Она снова повернулась к разделочному столу, слева от нее груда мытых овощей, справа миска с уже нарезанными ломтиками и кружочками.
– Как прошел день? Я прогулялась с Кристой вдоль канала, вместе с малышом Тоби, до самой площади Виктории; это самый долгий маршрут, который осилили его маленькие ножки. Две мили. А потом нас подобрал Бруно, на хорошей машине, не на грузовике с работы, слава богу, и отвез нас в кафе-кондитерскую, мы пили чай с пирожными, и вдруг до меня дошло, что это за кондитерская – та самая, куда пошли мы с тобой, помнишь? Когда только…
Подойдя к ней сзади, Джеймс обнял ее за талию и уткнулся лицом ей в волосы, жесткие, уже начинающие седеть.
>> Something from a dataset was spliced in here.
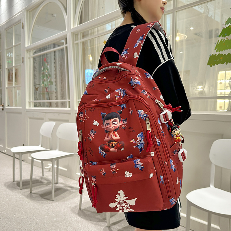 卸売供給源:哪吒漫画柄スクールバッグ、小学生用防水リュックサック、プリント入り高級感、高颜值、軽量バックパック
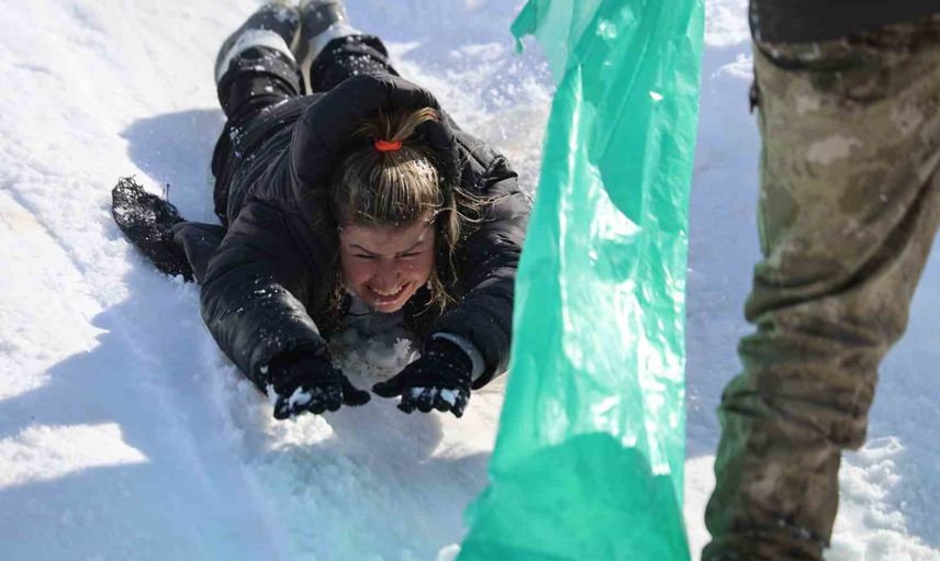 İstanbul'dan gelen Nihal Kahveci ise, "Çocuklar gibi eğleniyoruz. Herkes poşetlerle kayıyor, inanılmaz keyifli. Kızakla bu kadar eğlenemezdik" diye konuştu. Çocuklardan Ecrin Tekin "Çok eğlendik" derken, öğretmen Ömer Çağrı Korkmaz bidonla kaymanın çok eğlenceli olduğunu söyledi.

– …только познакомились, и я проводила тебя до автобусной обстановки, – закончила Мари, продолжая чистить картошку. Картошки достаточно для кучи народу, но кучи народа у них нет, поэтому то, что они не смогут съесть сегодня, отправится в морозилку.
Наверное, Джеймсу нужно было сказать что-то в свое оправдание, но он не мог. Он подумал, что если заговорит, то скажет не те слова, скажет не то или скажет правду, поэтому он поцеловал Мари в шею и обхватил ее за бедра, думая: «Извини, извини, извини!» И еще он подумал: «Пожалуйста, пожалуйста!», хотя сам не смог бы сказать, о чем просит.
Джеймс думал: «Пожалуйста и извини», обнимая Мари, чувствуя, как она подалась к нему задом, вжимаясь ему в промежность изгибами своих ягодиц, затем она повернула голову, подставляя щеку для поцелуя. У нее в руках по-прежнему были картофелина и нож, но она начала тереться о Джеймса бедрами.
Он снова подумал: «Извини, извини», а Мари тихо застонала от наслаждения и издала смешок, когда его ладони поднялись ей по бедрам к талии, и он подумал: «Останься со мной, я так виноват, останься со мной!»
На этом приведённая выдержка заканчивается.